▸ Work instruction: Keep the text of the data exactly as it is and omit each picture from the copy.

▸ Input data:

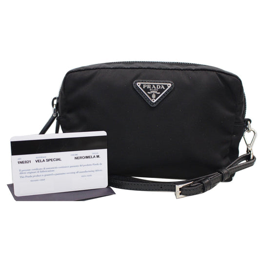PRADA Logo Round Edge Nylon Cosmetic Wristlet Pouch Black 1NE021
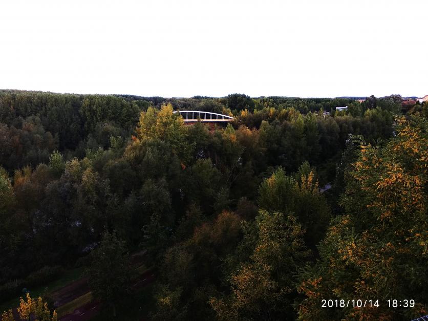 La Pasarela: El elemento central es un moderno puente de arco metálico blanco que cruza el río Esla. Esta estructura conecta el núcleo urbano con la zona de la Vía Verde y áreas recreativas. El Entorno: Se observa una densa vegetación de ribera que rodea el cauce del río, característica del paisaje leonés en esta zona. Los tonos ocres y verdes sugieren una época cercana al otoño, lo cual coincide con la fecha de octubre que aparece en la marca de agua de la foto. Contexto Local: Valencia de Don Juan (también conocida como Coyanza) es famosa por su castillo y sus piscinas, pero esta pasarela es un punto clave para los paseos por la naturaleza y rutas de senderismo como la Vía Verde del Esla.
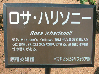 英名Harison’s Yellow。花は半八重咲で緑がかった黄色。花はほのかな香りがする。新梢には刺激性の香りがある。原種交雑種 ピンピネリフォリア節(神代植物公園名札より)

▸ Problem solution:
PRADA Logo Round Edge Nylon Cosmetic Wristlet Pouch Black 1NE021
 La Pasarela: El elemento central es un moderno puente de arco metálico blanco que cruza el río Esla. Esta estructura conecta el núcleo urbano con la zona de la Vía Verde y áreas recreativas. El Entorno: Se observa una densa vegetación de ribera que rodea el cauce del río, característica del paisaje leonés en esta zona. Los tonos ocres y verdes sugieren una época cercana al otoño, lo cual coincide con la fecha de octubre que aparece en la marca de agua de la foto. Contexto Local: Valencia de Don Juan (también conocida como Coyanza) es famosa por su castillo y sus piscinas, pero esta pasarela es un punto clave para los paseos por la naturaleza y rutas de senderismo como la Vía Verde del Esla.
 英名Harison’s Yellow。花は半八重咲で緑がかった黄色。花はほのかな香りがする。新梢には刺激性の香りがある。原種交雑種 ピンピネリフォリア節(神代植物公園名札より)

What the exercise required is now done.